# Hermaphrodite bunny?



## jeanluc_pippen_merry (Feb 11, 2012)

I was cleaning Padme's bottom today (cashmere mini lop) and i found what appeared to be testicles. They're on both sides and partially covered by fur. I just wanted to take quick pics as i didn't want to stress her out any more since i still had to finish cleaning her bum. She has a vagina which doesn't appear to be a split penis, which would have been my first thought if she hadn't had a false pregnancy just a few days ago...

So now im wondering if she's a hermaphrodite? A vagina with smaller testicles perhaps? 

If anyone has any insight into what i am seeing that would be wonderful. 

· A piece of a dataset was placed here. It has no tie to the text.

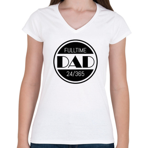 1 kép PRINTFASHION Fulltime DAD 24/365 - Női V-nyakú póló - Fehér

Edit: Forgot to add that she's 6 months.


----------



## ZRabbits (Feb 11, 2012)

I'm not an expert on this, but I have definitely heard of cases like this. 

Good pics. 

I'm interested in finding out what's going on. You never know. Could be just a growing pattern? But good observations. You should be commended. 

K 

BTW, there was a House episode, (I don't know if you watch this series) that showed how a Woman could be either Man or Woman. So if it can happen in a human, which is very complication biologically, it could happen to a bunny, which is simple biology. 

Hope you get your answers. I'm very curious to see how this all comes out.


----------



## jeanluc_pippen_merry (Feb 11, 2012)

Thanks, ZRabbits.

I did a little research and found that there are known cases of hermaphrodites in bunnies, so im hoping that's what it is and not something more serious. In any case i will make an appointment to see the vet just to be sure. Would still love the opinions of the rabbit community here though. =)


----------



## Flashy (Feb 11, 2012)

I have a hermaphrodite with a vulva and who had testicles. He also had two other deformed siblings.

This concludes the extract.